-- PROBLEM DETAILS --
Lower down are entries containing pictures. Copy exactly, without those pictures, the lines from the line with "The Jean Dubost" through the line with "Art Poster When".

-- DATASET --
■ ■ ■
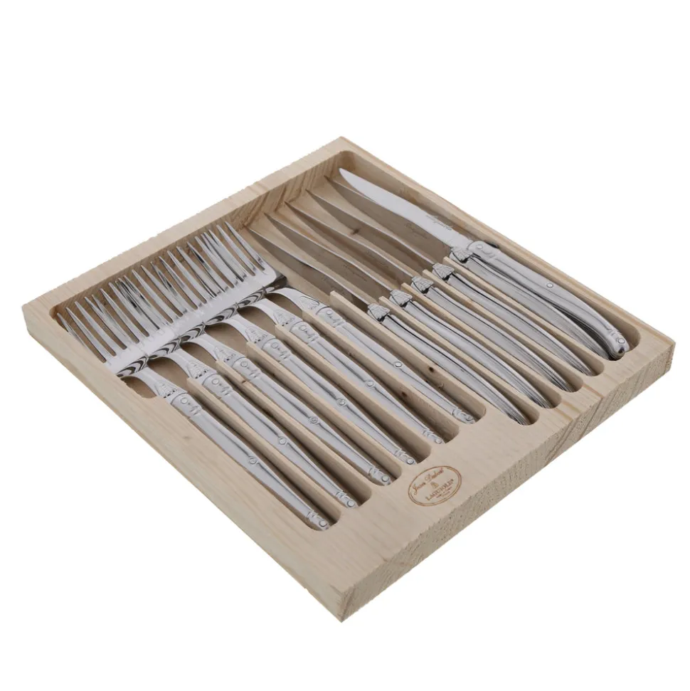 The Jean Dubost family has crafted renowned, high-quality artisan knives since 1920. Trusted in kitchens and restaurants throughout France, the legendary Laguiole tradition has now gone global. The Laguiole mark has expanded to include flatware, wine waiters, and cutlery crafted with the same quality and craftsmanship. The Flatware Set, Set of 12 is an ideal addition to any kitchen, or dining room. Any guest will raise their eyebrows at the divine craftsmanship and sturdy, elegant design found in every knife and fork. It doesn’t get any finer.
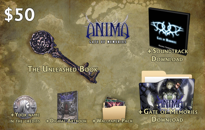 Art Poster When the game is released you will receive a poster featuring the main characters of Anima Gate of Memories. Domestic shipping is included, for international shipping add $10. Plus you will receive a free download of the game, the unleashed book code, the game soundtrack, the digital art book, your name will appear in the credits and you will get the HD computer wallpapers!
■ ■ ■
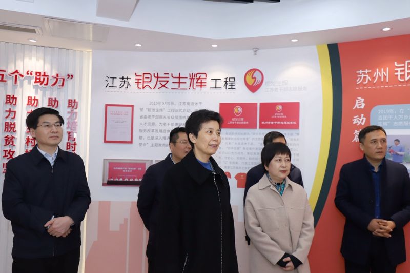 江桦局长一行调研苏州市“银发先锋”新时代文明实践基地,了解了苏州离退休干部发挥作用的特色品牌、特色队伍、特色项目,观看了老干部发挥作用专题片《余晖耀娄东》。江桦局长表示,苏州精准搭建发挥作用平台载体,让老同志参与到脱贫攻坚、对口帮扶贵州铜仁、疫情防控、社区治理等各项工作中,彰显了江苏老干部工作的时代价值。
■ ■ ■
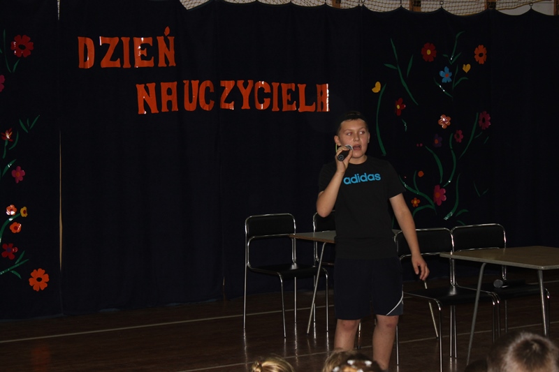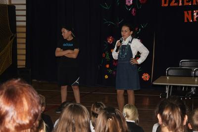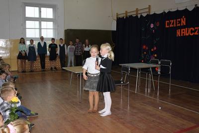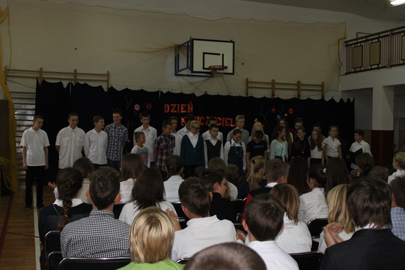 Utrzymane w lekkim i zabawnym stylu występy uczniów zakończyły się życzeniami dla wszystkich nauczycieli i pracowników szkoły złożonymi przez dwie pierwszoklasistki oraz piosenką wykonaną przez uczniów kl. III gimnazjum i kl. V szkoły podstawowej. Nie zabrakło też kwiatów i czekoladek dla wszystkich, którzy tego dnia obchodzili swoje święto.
■ ■ ■
-- ANSWER FOR THIS EXERCISE --
 The Jean Dubost family has crafted renowned, high-quality artisan knives since 1920. Trusted in kitchens and restaurants throughout France, the legendary Laguiole tradition has now gone global. The Laguiole mark has expanded to include flatware, wine waiters, and cutlery crafted with the same quality and craftsmanship. The Flatware Set, Set of 12 is an ideal addition to any kitchen, or dining room. Any guest will raise their eyebrows at the divine craftsmanship and sturdy, elegant design found in every knife and fork. It doesn’t get any finer.
 Art Poster When the game is released you will receive a poster featuring the main characters of Anima Gate of Memories. Domestic shipping is included, for international shipping add $10. Plus you will receive a free download of the game, the unleashed book code, the game soundtrack, the digital art book, your name will appear in the credits and you will get the HD computer wallpapers!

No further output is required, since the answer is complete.